Core Characteristics of a DDB
For a system to be considered a distributed database, it must have:
Networked Database Nodes: Multiple computers (sites or nodes) interconnected through an underlying network, capable of sending data and commands between sites.
Logical Interrelation: The data stored across different nodes is logically connected to form a single, coherent system.
Heterogeneity: The nodes can differ in hardware, operating systems, or even the database models they use. Uniformity is not required. (Absence of Homogeneity)
Transparency in DDB: Hiding the Complexity
A key feature of a DDBMS is transparency, which shields users from the implementation and operational details of the distributed system.

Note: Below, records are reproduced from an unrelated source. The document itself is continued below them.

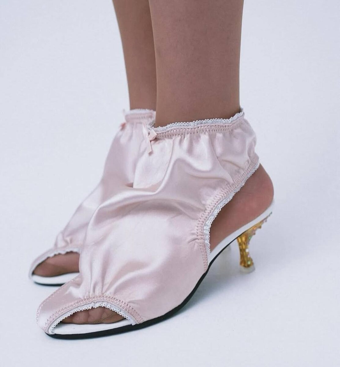 - Хотите смейтесь, хотите нет, но бренд Jenny fax придумал трусы для наших ножек, вы не ослышались, смотрите сами. Атласные босоножки с укрепленным мыском. Кто рискнет надеть?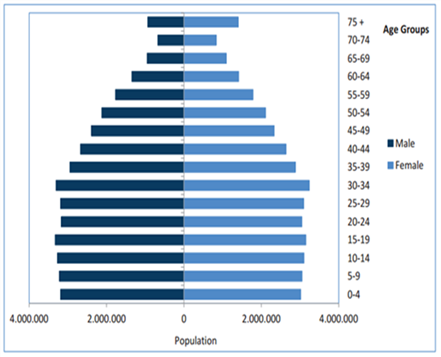 ○ 터키 총 인구는 7770만 명으로 중동지역 내 이란 다음으로 최대 인구를 보유 - 연령별 인구분포에서 0~14세는 전체 인구의 7.6% 차지 - 젊은 층이 전체 인구 중 많은 비율을 차지하나, 최근 출산 인구 저하와 노령 인구 증가로 연령별 구성비가 변화될 것으로 보임.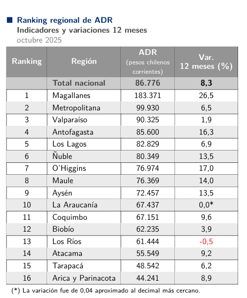 Por su parte, el ADR (Tarifa Promedio Diaria) regional se ubicó en $ 48.542 por habitación, lo que implicó un crecimiento interanual del 6,2%. Sin embargo, este valor posiciona a Tarapacá en el puesto 15 a nivel nacional, quedando como la penúltima región en esta métrica. El valor de Tarapacá está muy por debajo del promedio nacional, que alcanzó los $86.776 (con un aumento del 8,3%). Las tarifas más altas se consignaron en regiones como Magallanes ($183.371) y Metropolitana ($99.930).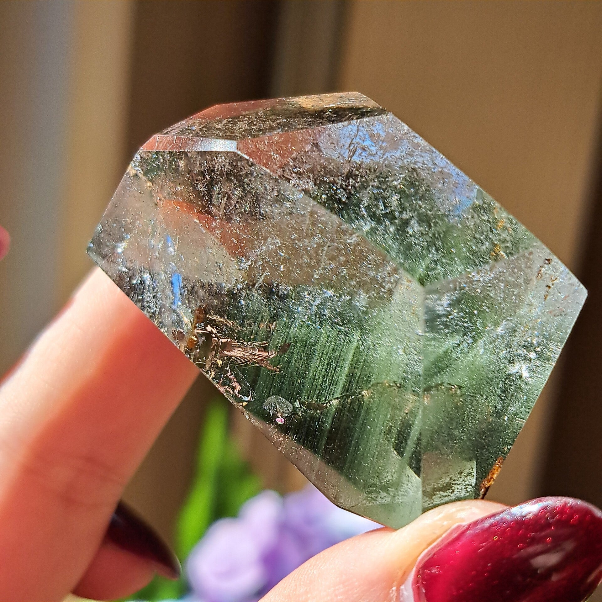Deze prachtige Lodoliet uit India worden ook wel sjamaankwarts genoemd. Ze zijn zo betoverend door de ingesloten landschappen (o.a gecreëerd door ingesloten chloriet en hematiet) dat je er uren naar kan blijven kijken en jezelf bijna kan verliezen!

1. Distribution (Data Organization) Transparency: Users don't need to know where data is physically stored and network operational details.
This includes:
Location Transparency: The command used to perform a task is independent of the data's physical location and location of node where command was issued..
Naming Transparency: Ensuring access to named objects (tables, rows, etc.) by its names without specifying their physical locations.
2. Replication Transparency: The system may store multiple copies (replicas) of data on different nodes for performance and availability. Users are completely unaware of these copies and interact with the data as if there is only a single instance.
3. Fragmentation Transparency: A large table may be split into smaller pieces (fragments) and stored across different nodes. Users are unaware of this fragmentation and can query the table as a whole.
The two main types are:
Horizontal Fragmentation (Sharding): Rows of a table are divided among different nodes.
Vertical Fragmentation: Columns of a table are divided among different nodes.
4. Design and Execution Transparency
Design Transparency: Users are not concerned with how the distributed system is architected.
Execution Transparency: Users do not need to know where or how transactions are executed.
Failures, Errors, and Faults:
We can directly relate reliability and availability of the database to the faults, errors, and failures associated with it.
Fault: The root cause of an error(e.g., hardware issue).
Error: A system state that may cause failure.
Failure: When the system deviates from expected behavior for correct execution of operations.
Role of the Recovery Manager:
Managing concurrency and recovery in DDBs is more complex than in centralized systems due to the presence of multiple data copies, potential failures of individual sites, and failures in communication links (including network partitioning).
A DDBMS recovery manager addresses:
Transaction failures
Hardware failures: Loss of memory or storage contents.
Network failures: Includes message loss, corruption, or out-of-order arrival at destination.
A reliable DDBMS tolerates failure of underlying components and continues to process user requests as long as data consistency is maintained.
Fundamental Goals of a Distributed System
Distributed systems are designed with several key properties in mind to handle the challenges of operating across a network.
High Availability and Reliability
DDBs aim for high availability, meaning the system is continuously accessible, and reliability, the probability that the system is running without failure. These are two of the most common potential advantages cited for distributed databases.
Availability is the probability that the system is operational and accessible to users at any given time.
Reliability is the probability that the system is functioning correctly and without failure.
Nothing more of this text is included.